Data for this exercise.
=-=-=-=-=

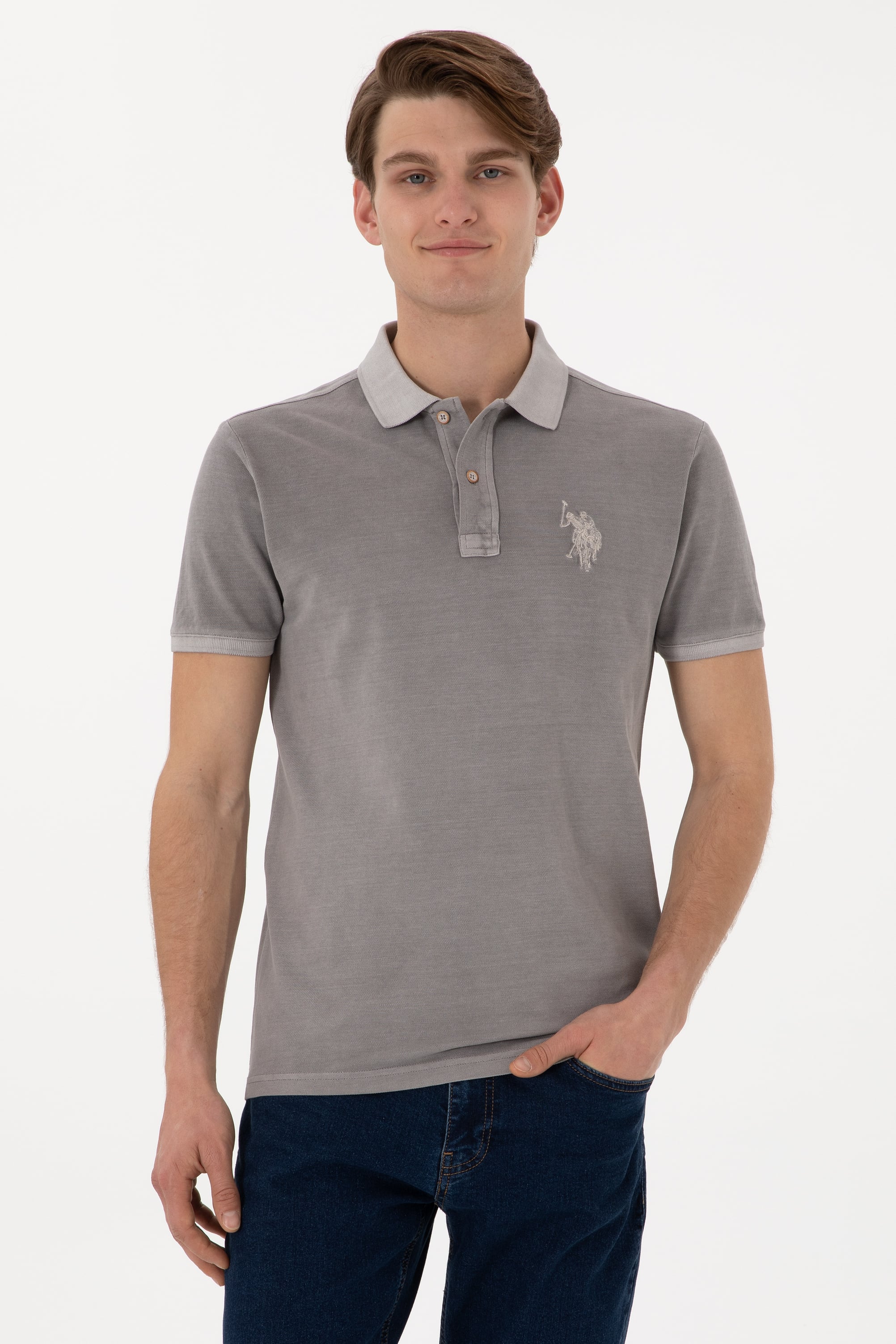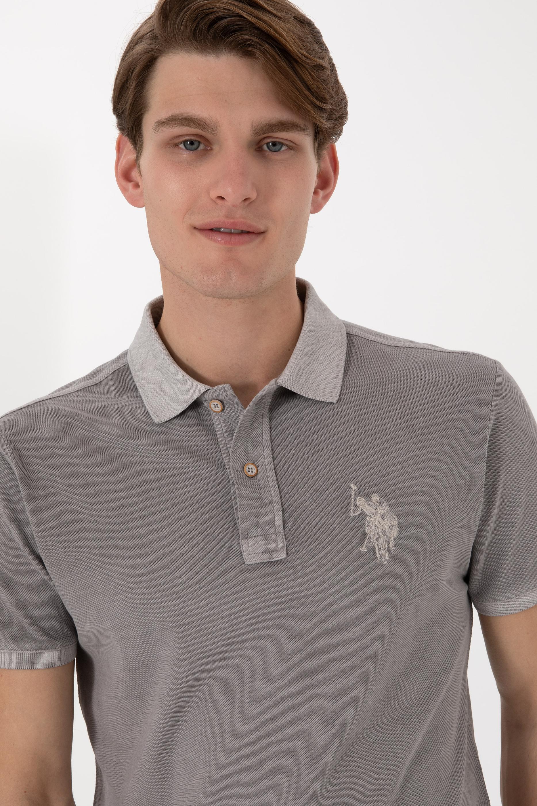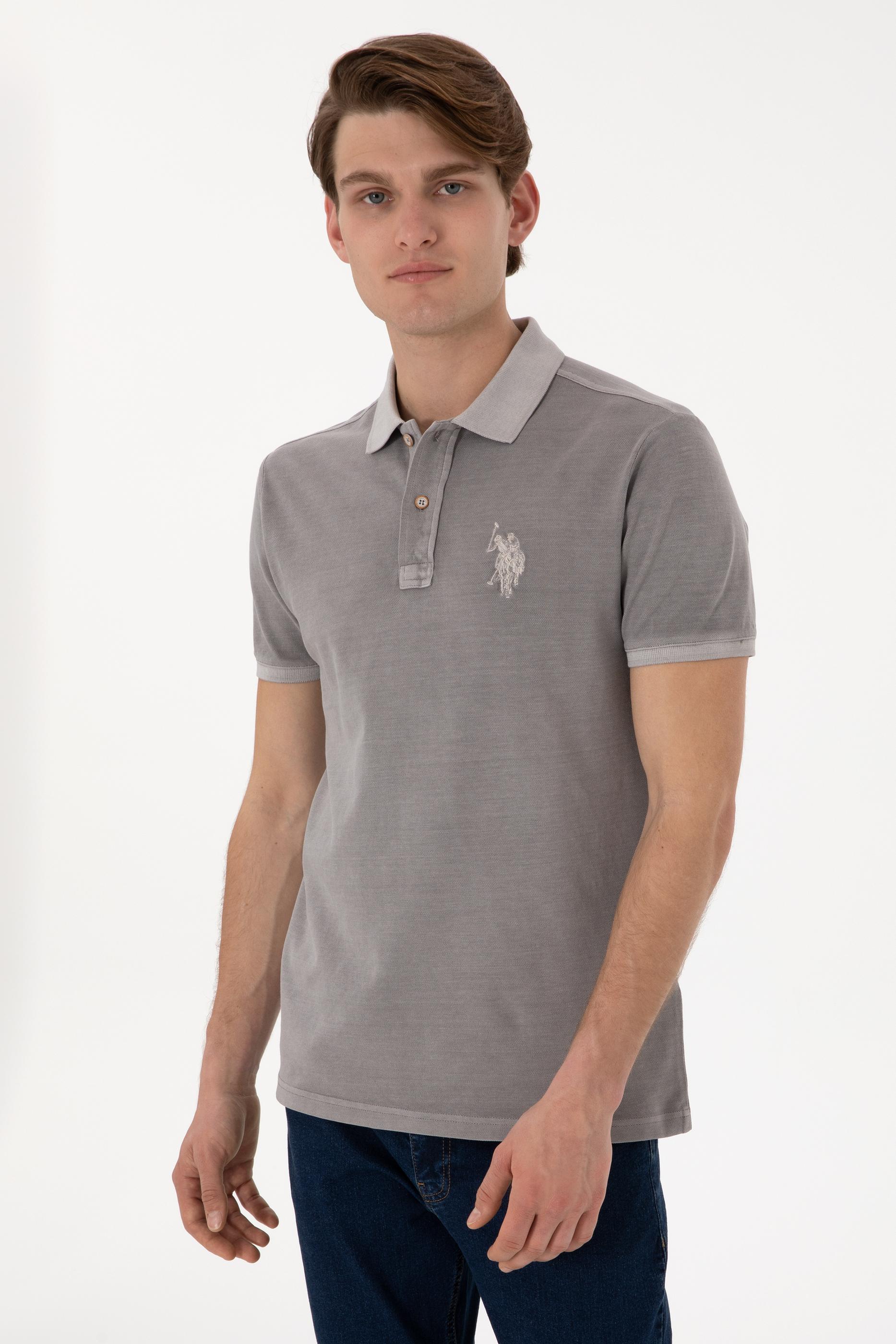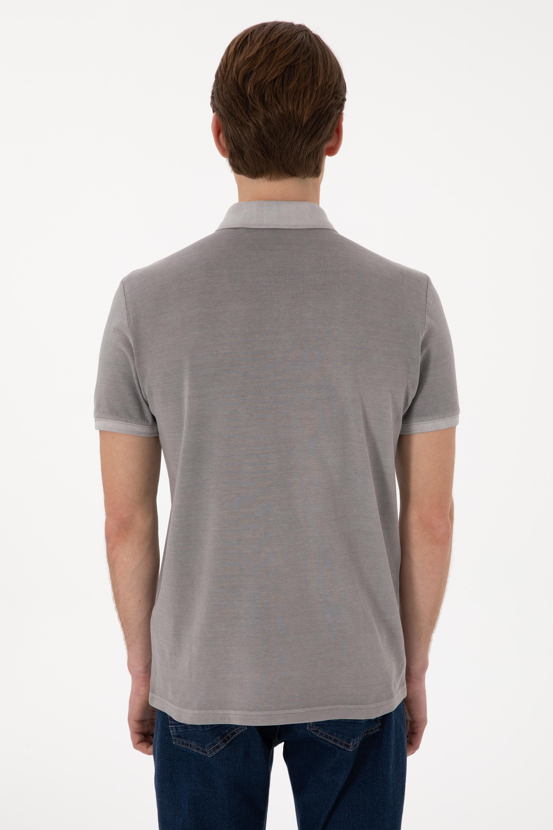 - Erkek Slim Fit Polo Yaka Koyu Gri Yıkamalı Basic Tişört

=-=-=-=-=

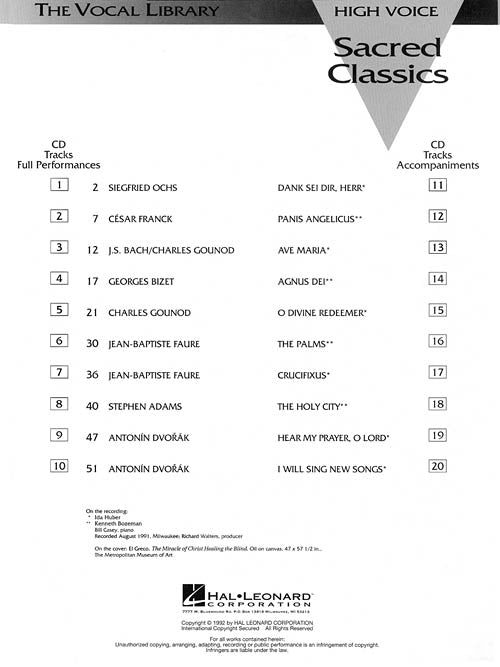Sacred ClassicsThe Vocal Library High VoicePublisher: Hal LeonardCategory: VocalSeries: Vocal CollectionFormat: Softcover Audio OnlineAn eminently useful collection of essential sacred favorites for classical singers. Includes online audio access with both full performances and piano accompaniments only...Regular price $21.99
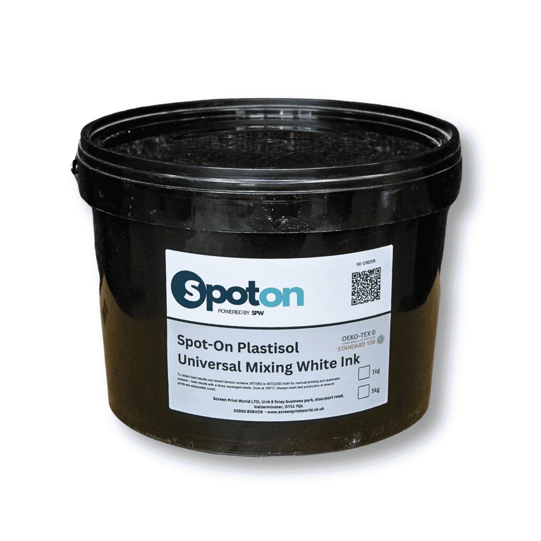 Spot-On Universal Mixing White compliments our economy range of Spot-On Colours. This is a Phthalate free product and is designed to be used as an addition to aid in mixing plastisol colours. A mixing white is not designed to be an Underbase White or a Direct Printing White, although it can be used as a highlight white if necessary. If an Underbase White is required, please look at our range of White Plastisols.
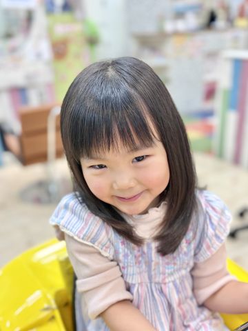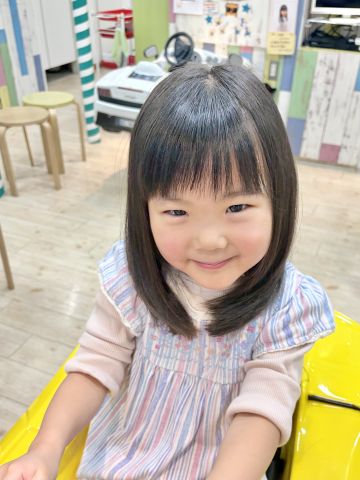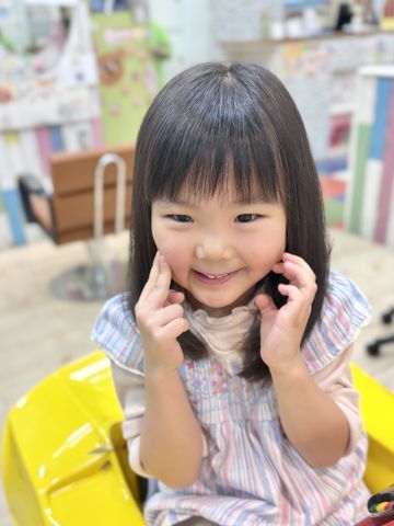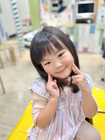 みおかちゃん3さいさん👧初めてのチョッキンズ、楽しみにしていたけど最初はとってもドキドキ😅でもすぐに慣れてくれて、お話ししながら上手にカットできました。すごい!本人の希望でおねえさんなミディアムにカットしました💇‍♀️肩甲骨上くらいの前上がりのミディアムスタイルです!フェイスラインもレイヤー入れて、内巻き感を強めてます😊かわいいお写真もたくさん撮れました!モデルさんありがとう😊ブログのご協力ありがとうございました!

=-=-=-=-=

Brief. Go back to the listing above and write out the lines starting at the one with "Sacred ClassicsThe Vocal" and ending at the one with "みおかちゃん3さいさん👧初め", inclusive, exactly and without pictures.

Solution for this problem.
Sacred ClassicsThe Vocal Library High VoicePublisher: Hal LeonardCategory: VocalSeries: Vocal CollectionFormat: Softcover Audio OnlineAn eminently useful collection of essential sacred favorites for classical singers. Includes online audio access with both full performances and piano accompaniments only...Regular price $21.99
 Spot-On Universal Mixing White compliments our economy range of Spot-On Colours. This is a Phthalate free product and is designed to be used as an addition to aid in mixing plastisol colours. A mixing white is not designed to be an Underbase White or a Direct Printing White, although it can be used as a highlight white if necessary. If an Underbase White is required, please look at our range of White Plastisols.
 みおかちゃん3さいさん👧初めてのチョッキンズ、楽しみにしていたけど最初はとってもドキドキ😅でもすぐに慣れてくれて、お話ししながら上手にカットできました。すごい!本人の希望でおねえさんなミディアムにカットしました💇‍♀️肩甲骨上くらいの前上がりのミディアムスタイルです!フェイスラインもレイヤー入れて、内巻き感を強めてます😊かわいいお写真もたくさん撮れました!モデルさんありがとう😊ブログのご協力ありがとうございました!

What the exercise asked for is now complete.